Jay Jagannathan, Jie Li, Nicholas Szerlip, Alexander O. Vortmeyer, Russell R. Lonser, Edward H. Oldfield, Zhengping Zhuang

Research output: Contribution to journalReview article

1 Scopus citations


OBJECTIVE: Proteins are the primary components of cells and are vital constituents of any living organism. The proteins that make up an organism (proteome) are constantly changing and are intricately linked to neurological disease processes. The study of proteins, or proteomics, is a relatively new but rapidly expanding field with increasing relevance to neurosurgery.
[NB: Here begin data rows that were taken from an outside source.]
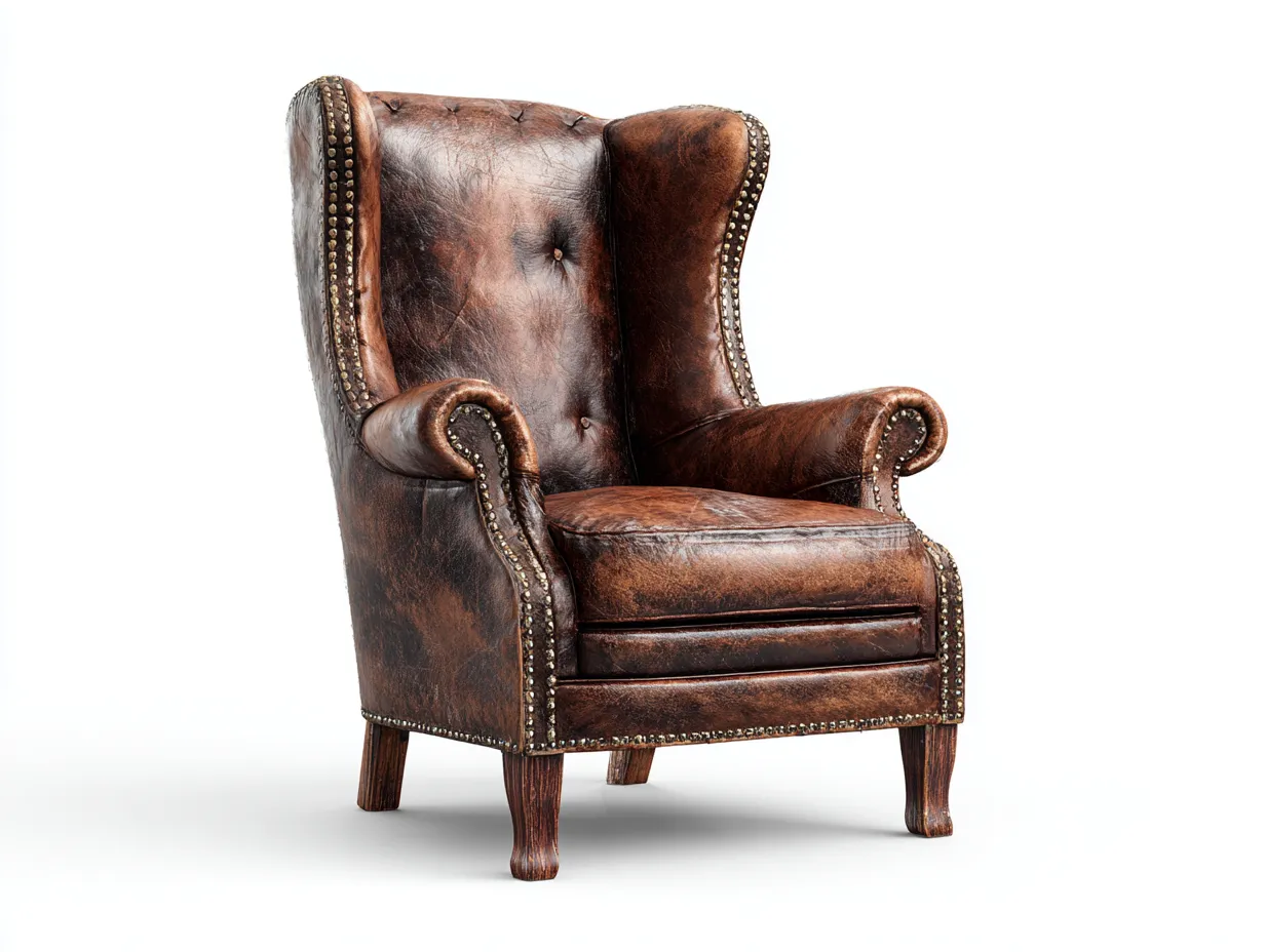 Poltrona a orecchioni-pelle-legno-82x88x108 cm-Marrone-Stile classico
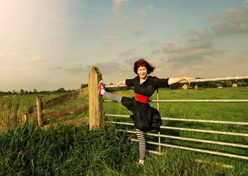Keywords: woman person people model fashion fashion model clothes stripes pantyhose black dress belt red belt pose gate split exercise flexible supple smile happy person
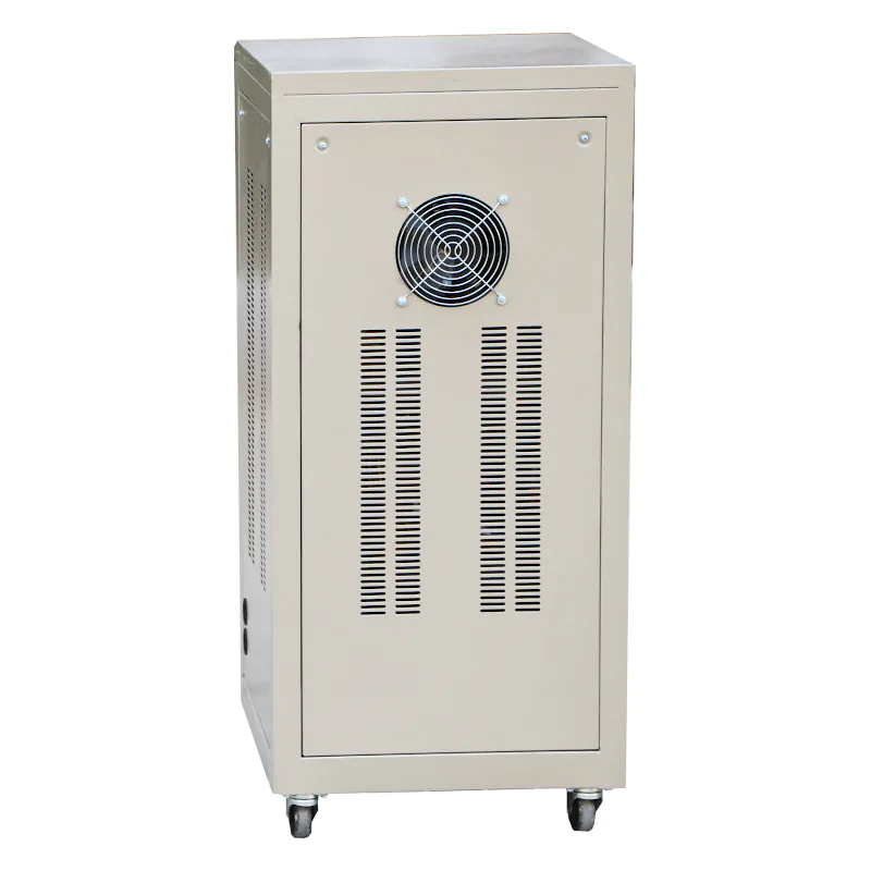 Стабилизатор напряжения Andeli из серии SVC можно устанавливать на стол, в тумбу или на пол. Прибор оснащен системой охлаждения, вольтметром, световыми индикаторами, сигнализирующими о состоянии и режимах стабилизации.
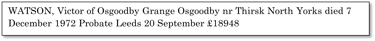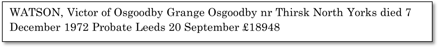 Victor Watson was born on May 15th 1897 and was the brother of pupils Frank and William Watson. The boys all lived at Redgate Farm, Wolsingham with their father John Walton, a Farmer and Auctioneer, and mother Ruth Kipling. Victor had four other siblings named John, Elizabeth, Harrison and Anthony. He married Margaret Isabella Wheatley from Tow Law in 1923 and farmed at Osgoodby Grange in Thirsk where they raised a son named Victor Kipling Watson.
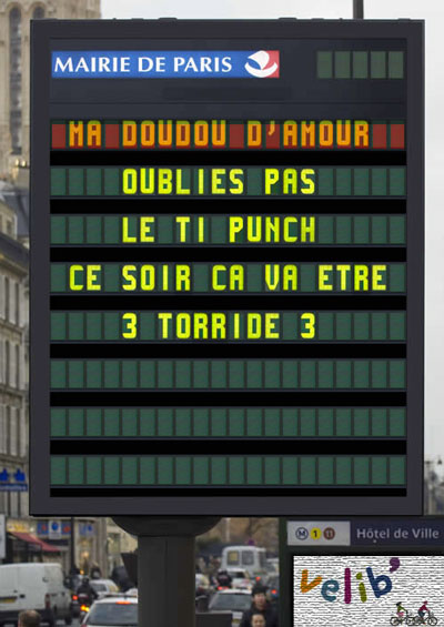 Comme l’année dernière, vous avez jusqu’au 9 février pour écrire un message de 160 caractères maximum destiné au Valentin ou à la Valentine de votre choix. La ville de paris sélectionnera ensuite les messages les plus romantiques, drôles ou originaux, et les diffusera sur les 170 panneaux lumineux de la ville toute au long de la journée du 14 février.
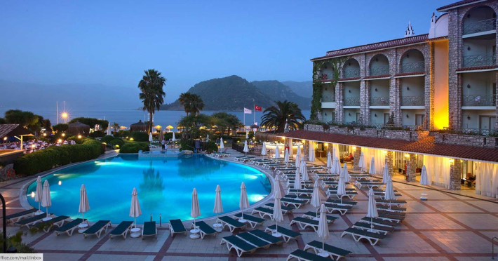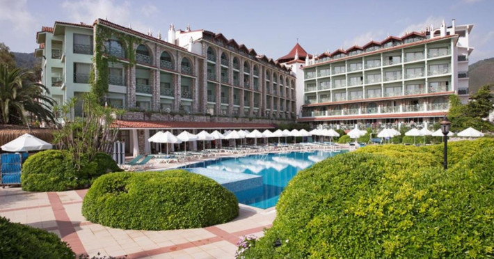 Localizare Hotelul este situat in frumosul Golf Icmeler, pe plaja privată, la distanta de 1 km fata de orasul Icmeler si 5 km de centrul orasului Marmaris. Facilitati hotel Hotelul ofera urmatoarele facilitati: room service, închirieri auto, serviciu de transfer (contra cost), transfer de la/la aeroport (contra cost), recepţie deschisă nonstop, schimb valutar, cameră de bagaje, check-in/check-out privat, spălătorie, curăţătorie chimică, serviciu de călcătorie, fax/copiator, bărbier/salon de frumuseţe. Facilitati camere Camerele sunt dotate cu A/C individual, telefon, uscător de păr, minibar, seif (cu plată), mochetă, TV satelit.Datorita dinamicitatii domeniului disponibilitatea ofertelor se modifica de la un moment la altul. De aceea ofertele sunt valabile in limita locurilor disponibile. Agentia nu este responsabila pentru eventualele neconcordante care pot aparea intre informatiile privind tarifele si alte detalii din site si informatiile primite in agentie. In aceste cazuri vor avea prioritate, intotdeauna, informatiile primite in agentie.

METHODS: We present a review of the state-of-the-art proteomic technology and its applications in central nervous system diseases. RESULTS: The technique of "selective microdissection" allows an investigator to selectively isolate and study a pathological tissue of interest. By evaluating protein expression in a variety of central nervous system disorders, it is clear that proteins are differentially expressed across disease states, and protein expression changes markedly during disease progression. CONCLUSION: Understanding the patterns of protein expression in the nervous system has critical implications for the diagnosis and treatment of neurological disease. As gatekeepers in the diagnosis, evaluation, and treatment of central nervous system diseases, it is important for neurosurgeons to develop an appreciation for proteomic techniques and their utility.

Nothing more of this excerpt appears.